======== RECORDED DATA

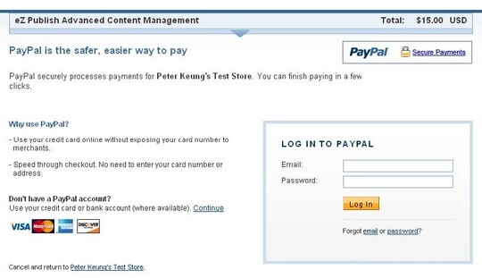 In our example, we are requiring buyers to pay via PayPal before they can access the downloadable products. The eZ PayPal account is a workflow event that will be triggered at the correct step in the checkout process. It will handle the payment process on the PayPal site and return to the example site upon successful payment.
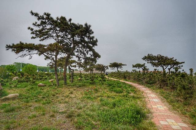 今天沿着海边转转,一路向南去灯塔和世帆赛基地看看,沿途有景色随时停车。吴家台海滨浴场旁边有片树林,这里原来有个叫海石园的景点,现在好像已经荒废了,但是导航上面还有显示,于是下来看看。虽然荒废了,但是草丛中还有小路,里面也能看出很多人为修饰过的痕迹。
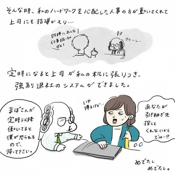 産休に入る直前までなかなか業務の引き継ぎ先が決まらず、夜遅くまでハードに働いていたこの頃。「若手社員のために、妊娠してもこの仕事を続けられる姿を見せねば!!」と頑張っていましたが、

================

(THE PROBLEM) Starting with the line that holds "今天沿着海边转转,一路向南去", transcribe exactly each line through the last one of the material above, and nothing else. Do not include pictures.

(RESULT OF THIS EXERCISE)
 今天沿着海边转转,一路向南去灯塔和世帆赛基地看看,沿途有景色随时停车。吴家台海滨浴场旁边有片树林,这里原来有个叫海石园的景点,现在好像已经荒废了,但是导航上面还有显示,于是下来看看。虽然荒废了,但是草丛中还有小路,里面也能看出很多人为修饰过的痕迹。
 産休に入る直前までなかなか業務の引き継ぎ先が決まらず、夜遅くまでハードに働いていたこの頃。「若手社員のために、妊娠してもこの仕事を続けられる姿を見せねば!!」と頑張っていましたが、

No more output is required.